Work request: From the first line of the listing below to the line with "Hartford, Connecticut downtown", print each line exactly, and nothing more. Leave out the pictures.

Input material:

━━━━━━

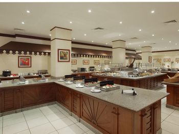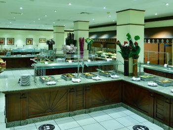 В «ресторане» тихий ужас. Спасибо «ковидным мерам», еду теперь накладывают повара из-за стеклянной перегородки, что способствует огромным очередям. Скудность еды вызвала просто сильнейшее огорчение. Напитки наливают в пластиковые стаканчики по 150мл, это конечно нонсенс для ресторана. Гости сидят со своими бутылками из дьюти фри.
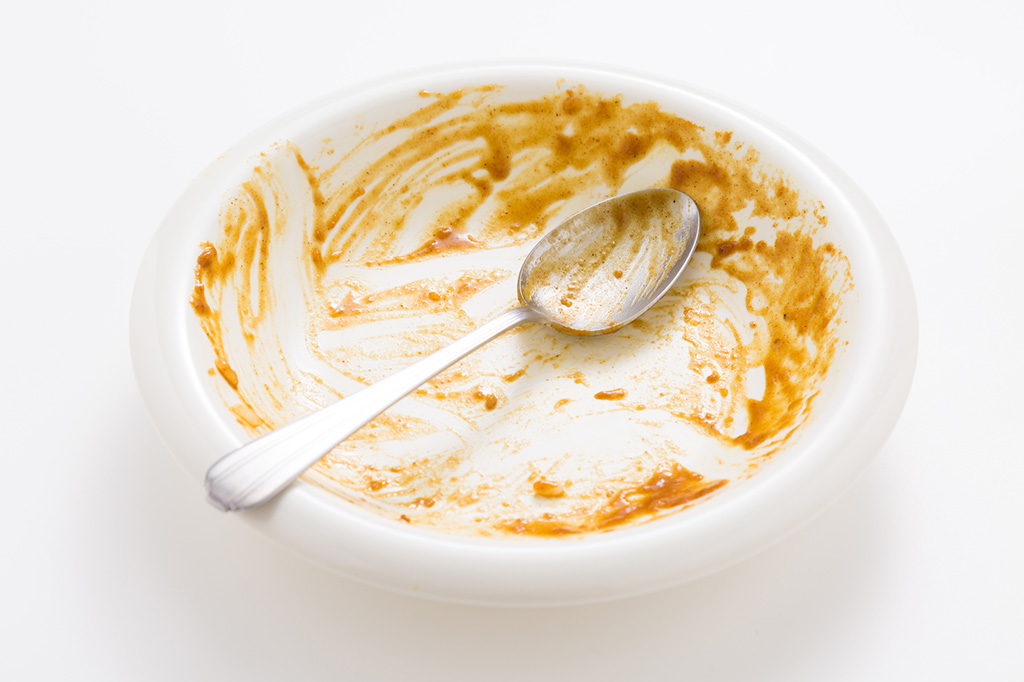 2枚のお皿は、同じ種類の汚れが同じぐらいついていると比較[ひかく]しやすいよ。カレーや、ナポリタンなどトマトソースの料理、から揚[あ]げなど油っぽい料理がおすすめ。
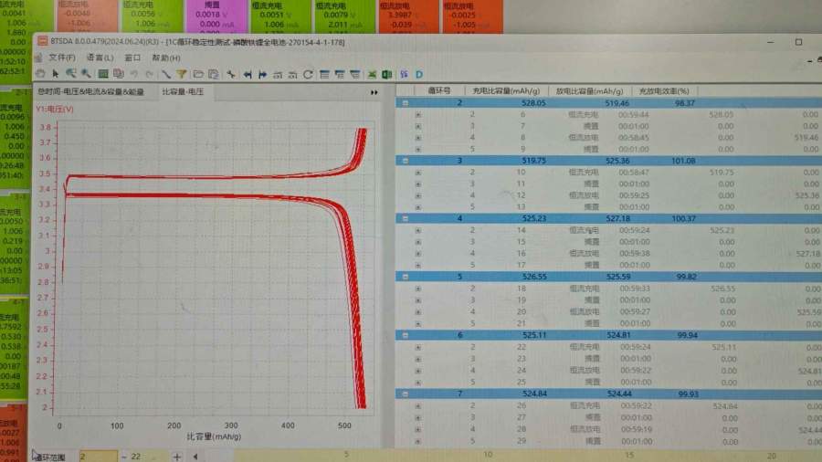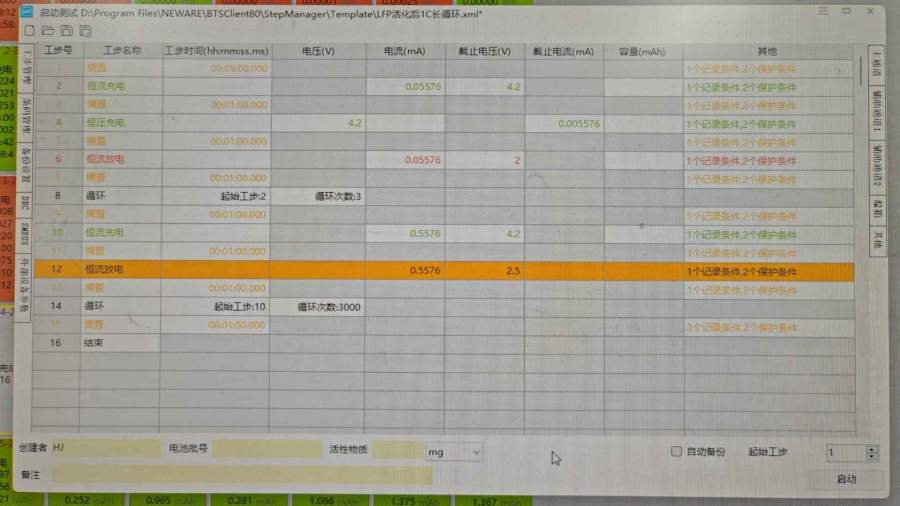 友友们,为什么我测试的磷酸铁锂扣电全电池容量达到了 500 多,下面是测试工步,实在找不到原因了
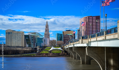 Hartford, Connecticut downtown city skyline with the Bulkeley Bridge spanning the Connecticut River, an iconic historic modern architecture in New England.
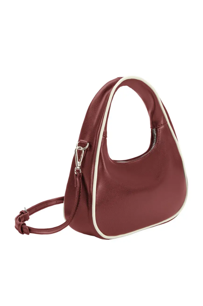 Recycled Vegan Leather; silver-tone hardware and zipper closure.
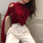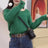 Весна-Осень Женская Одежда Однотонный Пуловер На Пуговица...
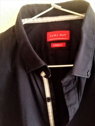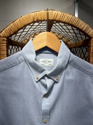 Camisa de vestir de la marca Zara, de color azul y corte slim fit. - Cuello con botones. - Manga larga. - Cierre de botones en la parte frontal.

━━━━━━

Answer:
 В «ресторане» тихий ужас. Спасибо «ковидным мерам», еду теперь накладывают повара из-за стеклянной перегородки, что способствует огромным очередям. Скудность еды вызвала просто сильнейшее огорчение. Напитки наливают в пластиковые стаканчики по 150мл, это конечно нонсенс для ресторана. Гости сидят со своими бутылками из дьюти фри.
 2枚のお皿は、同じ種類の汚れが同じぐらいついていると比較[ひかく]しやすいよ。カレーや、ナポリタンなどトマトソースの料理、から揚[あ]げなど油っぽい料理がおすすめ。
 友友们,为什么我测试的磷酸铁锂扣电全电池容量达到了 500 多,下面是测试工步,实在找不到原因了
 Hartford, Connecticut downtown city skyline with the Bulkeley Bridge spanning the Connecticut River, an iconic historic modern architecture in New England.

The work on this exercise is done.